Published on January 31, 2022 by Paul Francis
Diffix Elm automates what statistics offices have been doing for decades
Diffix Elm is a methodology for dynamic data anonymization. Dynamic means that it operates on a query-by-query basis (versus generating a single static anonymized table). Diffix Elm is essentially an SQL query engine. It accepts SQL queries with a limited syntax, reads the original personal data, and returns an anonymized answer.
The two strong anonymization models that get the most attention are k-anonymity and Differential Privacy. You might be surprised to learn, then, that organizations like statistics offices, which routinely release anonymized data about whole populations, don’t use these models per se*. Rather, they use a combination of mechanisms. The most commonly used mechanisms are aggregation, generalization, noise, suppression, and swapping. These mechanisms have safely been in use for decades.
Diffix Elm uses these mechanisms too. You can think of Diffix Elm as automating and generalizing the bespoke methods used by statistics bureaus. In so doing, Diffix Elm brings “census strength” anonymization to non-experts across a wide range of use cases and datasets.

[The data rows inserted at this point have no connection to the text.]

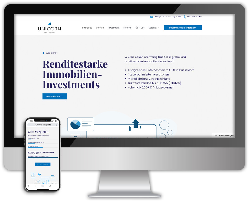 Unicorn Real Estate GmbH je kompanija specijalizovana za luksuzno saniranje i renoviranje nekretnina. Bilo je potrebno uraditi landing stranicu za online marketing kompanije. Klijent se pored brojnih predloga za izgled stranice odlučio za naše idealno rešenje.
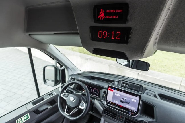 其注重安全与舒适的平衡,驾驶员工作区采用人体工学设计,搭载数字驾驶舱与多功能方向盘;展车还采用限量版TGE LoungeLine 内饰与环境照明系统,提升乘客乘坐体验。该车可容纳16名乘客,宽大的电动摆动门方便乘客上下车。
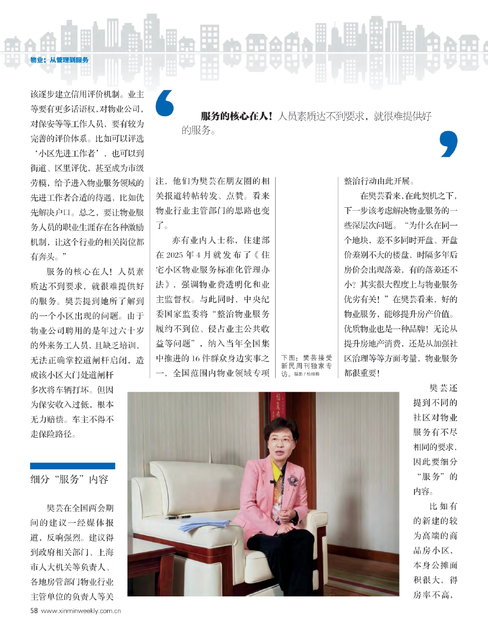 今年3月,在第十四届全国人大第四次会议期间,樊芸提出将“物业管理”改为“物业服务”的建议。住建部迅速答复,“正着手将《物业管理条例》修改为《物业服务条例》”。而采访全国两会的各路媒体也纷至沓来采访樊芸。相关稿件迅速在网上成为热搜。如《新民晚报》的一条报道,数小时内就达到了上千万点击量。这说明什么?在樊芸看来,这说明物业行业广受瞩目——老百姓关心,政府部门关注。
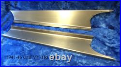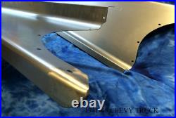 Custom made to order premium quality 1018, 16 gauge cold rolled steel set of steel running boards with adapters to fit to your original braces. Heavy gauge steel will not give way like fiberglass boards. Made from original board patterns but smoothed for hot rod look. The overall length is 83 1/8.
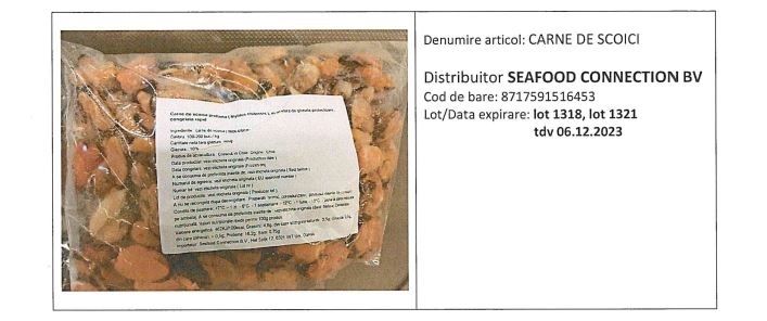 ”Vă informăm că fost notificați de către furnizorul SEAFOOD CONNECTION BV să inițiem retragerea de la comercializare și de la clienți a articolului menționat mai jos:
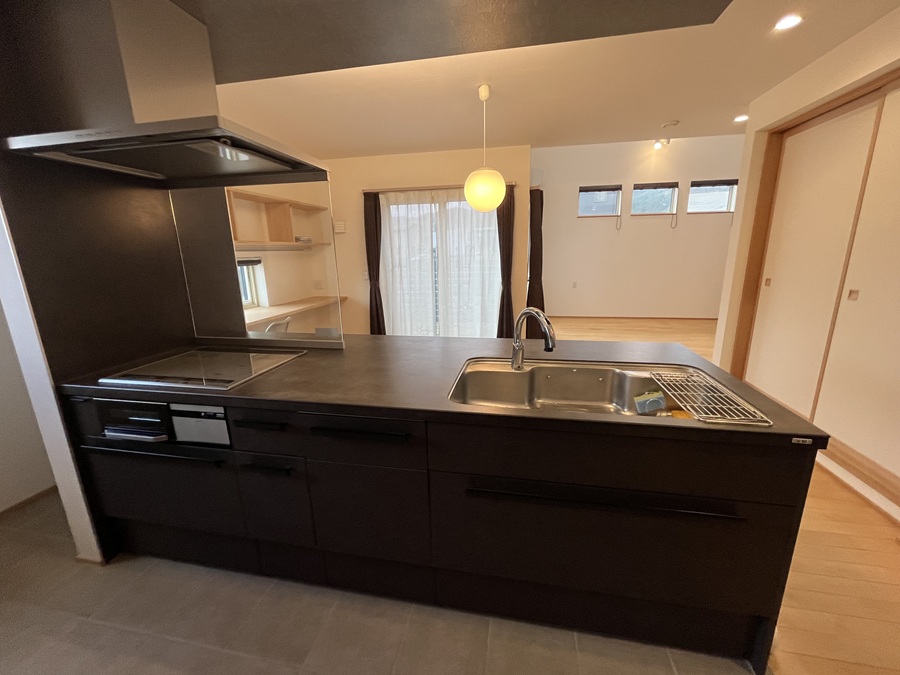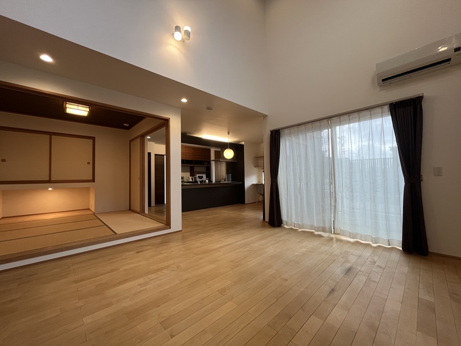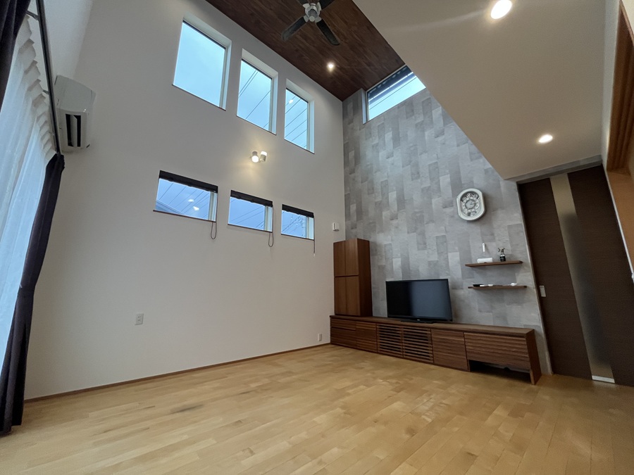 一級建築士事務所監修の高気密高耐震4SLDK! LDK22.9帖には吹抜けがあって更に広がりと開放感♪ キッチン横のサンルームで家事動線が短く◎トリプルサッシ採用で快適な住空間!
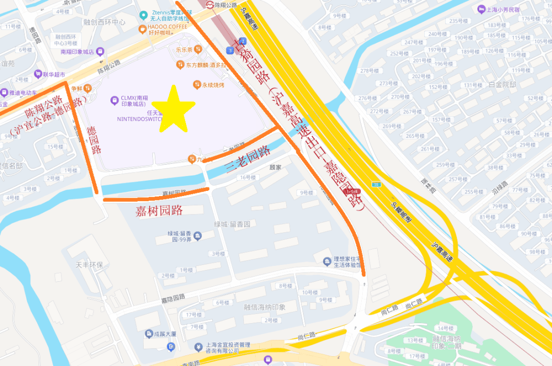 古猗园路(沪嘉高速出口-嘉隐园路);嘉树园路;三老园路;陈翔公路(沪宜公路-德园路)。
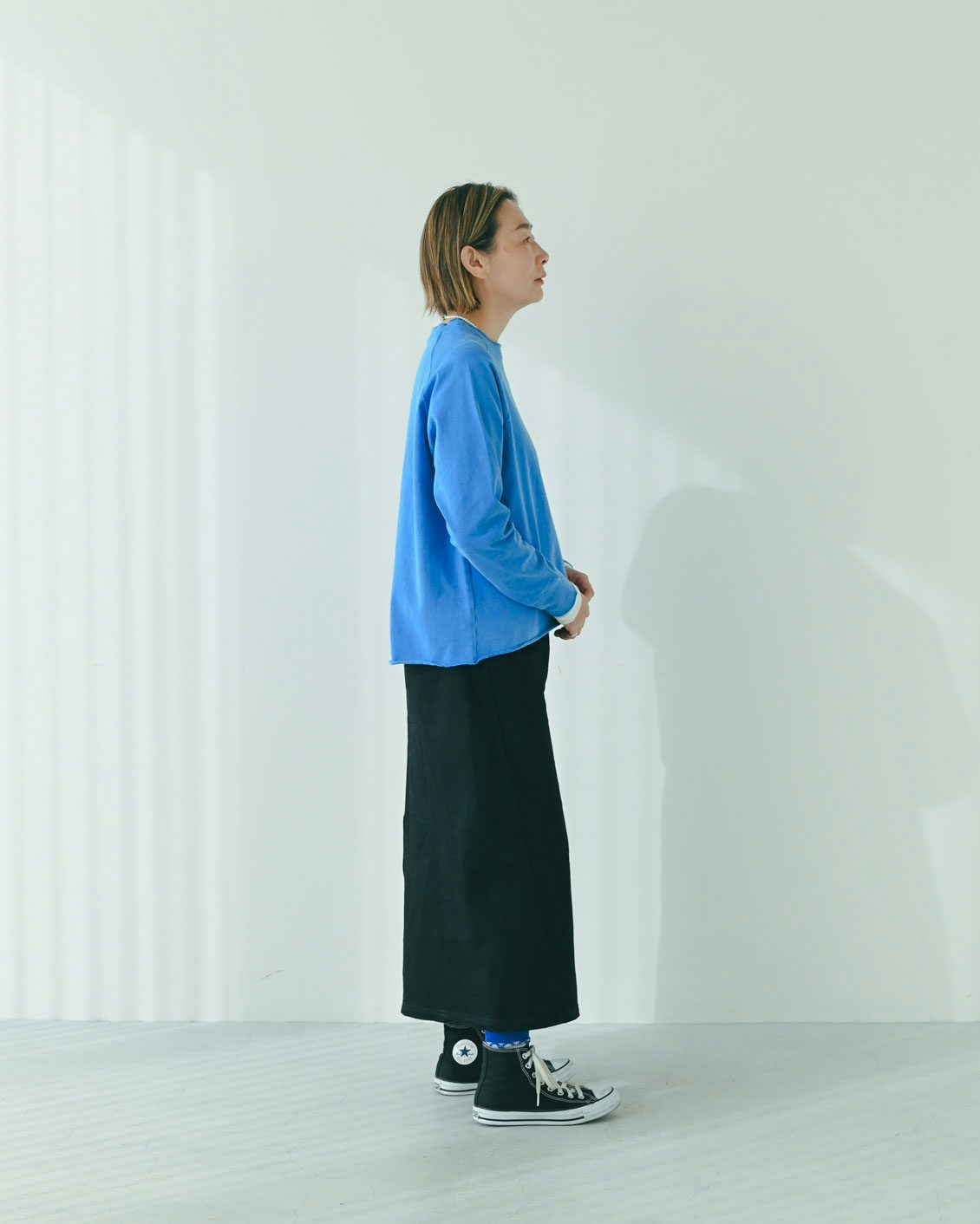シャツではよく見かける色ですが、カットソーでこの鮮やかなブルーを楽しめるのは、なんだか新鮮でワクワクします。
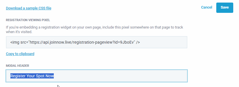 Our Registration Embed Widget has place to update text items contained within it under Miscellaneous section as shown below.

In this article, we describe how and why Diffix Elm uses these mechanisms. Along the way, we contrast them with how the mechanisms are used by the Australian Bureau of Statistics (ABS), the US Census Bureau (USCB), and the UK Office for National Statistics (ONS).
The original personal data that Diffix Elm accesses has one row per person or per event (if time series data). Diffix Elm aggregates that data into counts:
Virtually all statistics offices release aggregate data. One example of many is TableBuilder from the ABS (https://www.abs.gov.au/websitedbs/censushome.nsf/home/tablebuilder).
Statistics offices also often release data in non-aggregated form, usually called microdata. Diffix Elm does not release microdata.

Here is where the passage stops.